### TASK
Write out the data exactly, please, and omit the pictures.

Stored data entries:
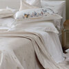Copriletto matrimoniale liscio, non trapuntato, in jacquard con logo Blumarine in cristalli e angolo stondato in caduta.
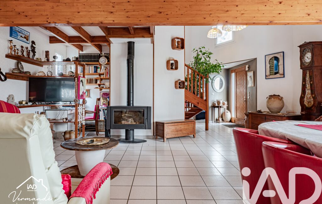 L’entrée s’ouvre sur une superbe hauteur sous plafond menant à une pièce de vie lumineuse d’environ 50 m², agrémentée d’un poêle à bois et largement ouverte sur la terrasse et le jardin grâce à une grande baie vitrée.
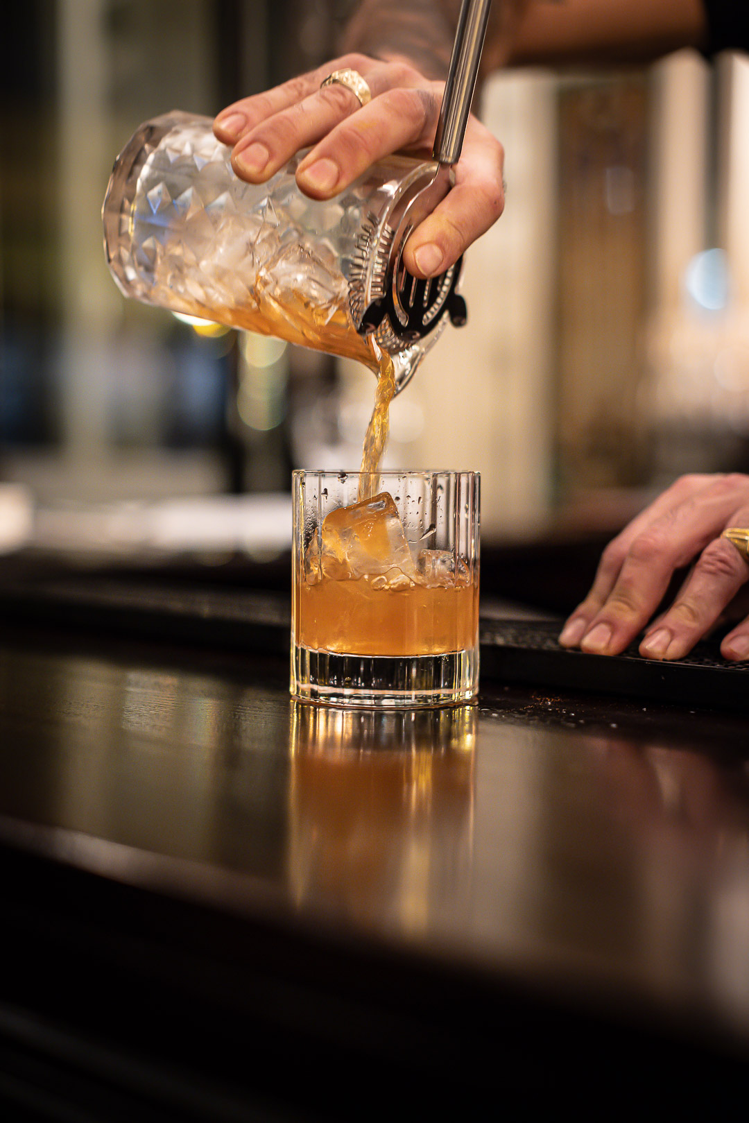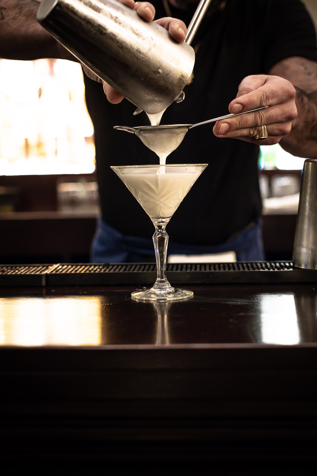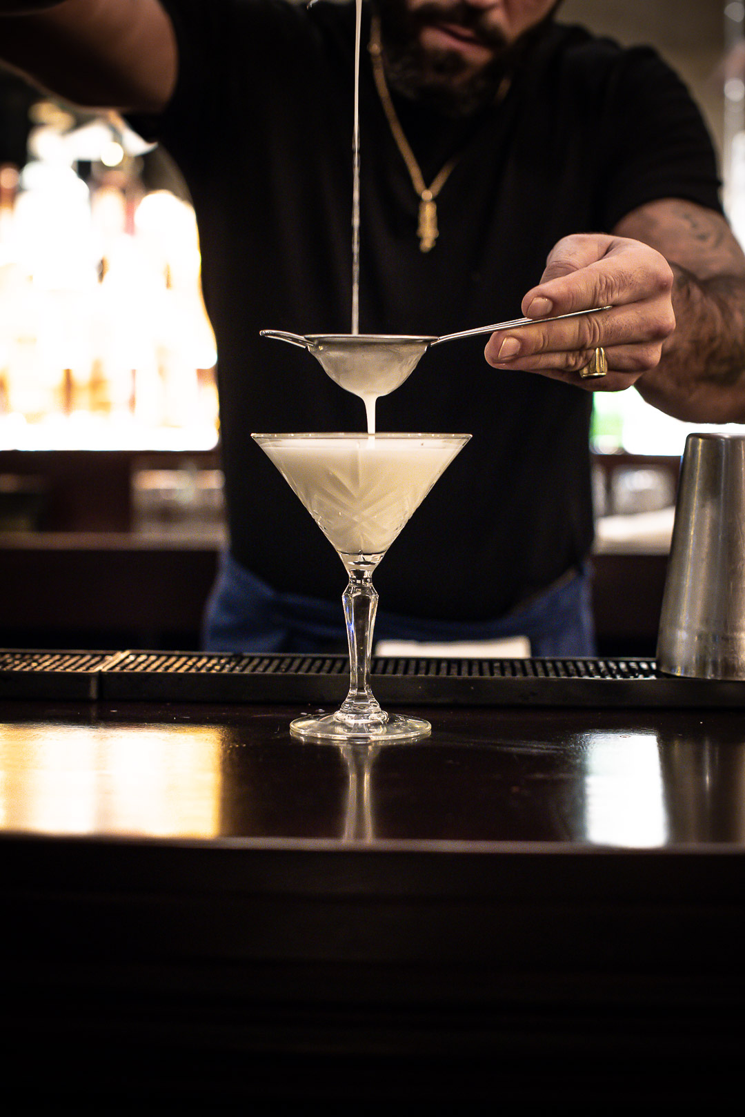En capitaine, le barman Miguel Romo Largo propose des cocktails festifs à siroter entre amis ou une coupe de champagne en tête-à-tête. Shaker en main, t-shirt noir et bras tatoués, le barman distille une carte d’une vingtaine de recettes.
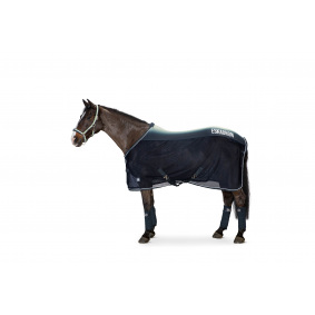 An anti-fly rug made of polyester mesh. Due to the used material it is light and airy, at the same time being very durable. There is a fastening with a buckle and velcro on the chest, cross straps on the belly, and a strap under the tail. Around the withers, it is lined with fur, which minimizes the risk of chafing. There is a thicker, also airy material on the back. The rug is decorated with an Eskadron inscription.
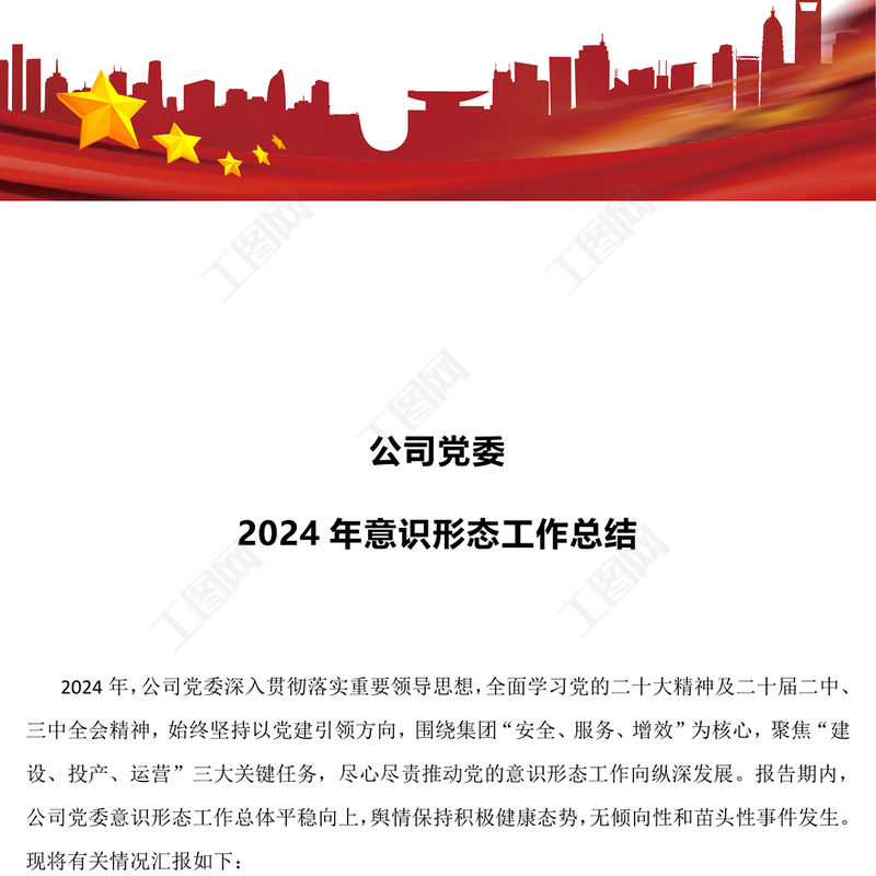 工圖網(wǎng)提供公司黨委2024年意識形態(tài)工作總結(jié)PPT模板(講稿)供會員免費下載。更多精彩黨課PPT素材,盡在工圖網(wǎng)。
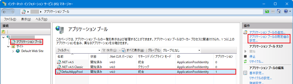一覧で「DefaultAppPool」を選択し、右側の「操作」パネルで「アプリケーション プールの既定値の設定」をクリックします。
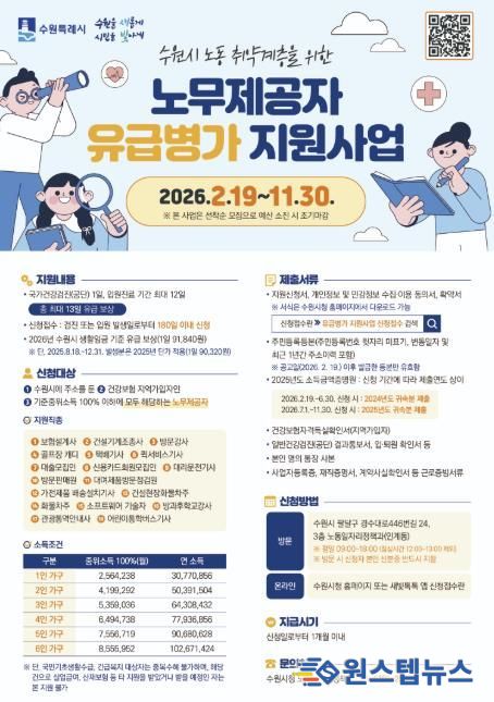 수원시는 11월 30일까지 ‘2026년 노동취약계층 노무 제공자 유급병가 지원사업’ 신청을 받는다.
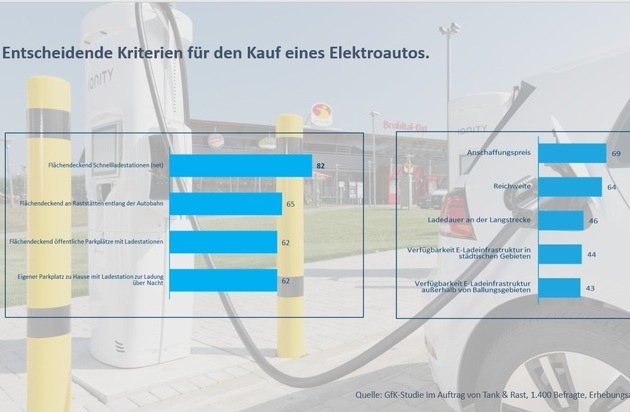 Fahrzeuge mit Elektroantrieb haben weiter an Attraktivität im Markt gewonnen. Zu diesem Ergebnis kommt eine repräsentative Umfrage der Gesellschaft für Konsumforschung (GfK) unter 1.400 Autofahrern, die im Auftrag von Tank & Rast, dem führenden Infrastrukturdienstleister an den deutschen Autobahnen, durchgeführt wurde.

### ANSWER
Copriletto matrimoniale liscio, non trapuntato, in jacquard con logo Blumarine in cristalli e angolo stondato in caduta.
 L’entrée s’ouvre sur une superbe hauteur sous plafond menant à une pièce de vie lumineuse d’environ 50 m², agrémentée d’un poêle à bois et largement ouverte sur la terrasse et le jardin grâce à une grande baie vitrée.
En capitaine, le barman Miguel Romo Largo propose des cocktails festifs à siroter entre amis ou une coupe de champagne en tête-à-tête. Shaker en main, t-shirt noir et bras tatoués, le barman distille une carte d’une vingtaine de recettes.
 An anti-fly rug made of polyester mesh. Due to the used material it is light and airy, at the same time being very durable. There is a fastening with a buckle and velcro on the chest, cross straps on the belly, and a strap under the tail. Around the withers, it is lined with fur, which minimizes the risk of chafing. There is a thicker, also airy material on the back. The rug is decorated with an Eskadron inscription.
 工圖網(wǎng)提供公司黨委2024年意識形態(tài)工作總結(jié)PPT模板(講稿)供會員免費下載。更多精彩黨課PPT素材,盡在工圖網(wǎng)。
一覧で「DefaultAppPool」を選択し、右側の「操作」パネルで「アプリケーション プールの既定値の設定」をクリックします。
 수원시는 11월 30일까지 ‘2026년 노동취약계층 노무 제공자 유급병가 지원사업’ 신청을 받는다.
 Fahrzeuge mit Elektroantrieb haben weiter an Attraktivität im Markt gewonnen. Zu diesem Ergebnis kommt eine repräsentative Umfrage der Gesellschaft für Konsumforschung (GfK) unter 1.400 Autofahrern, die im Auftrag von Tank & Rast, dem führenden Infrastrukturdienstleister an den deutschen Autobahnen, durchgeführt wurde.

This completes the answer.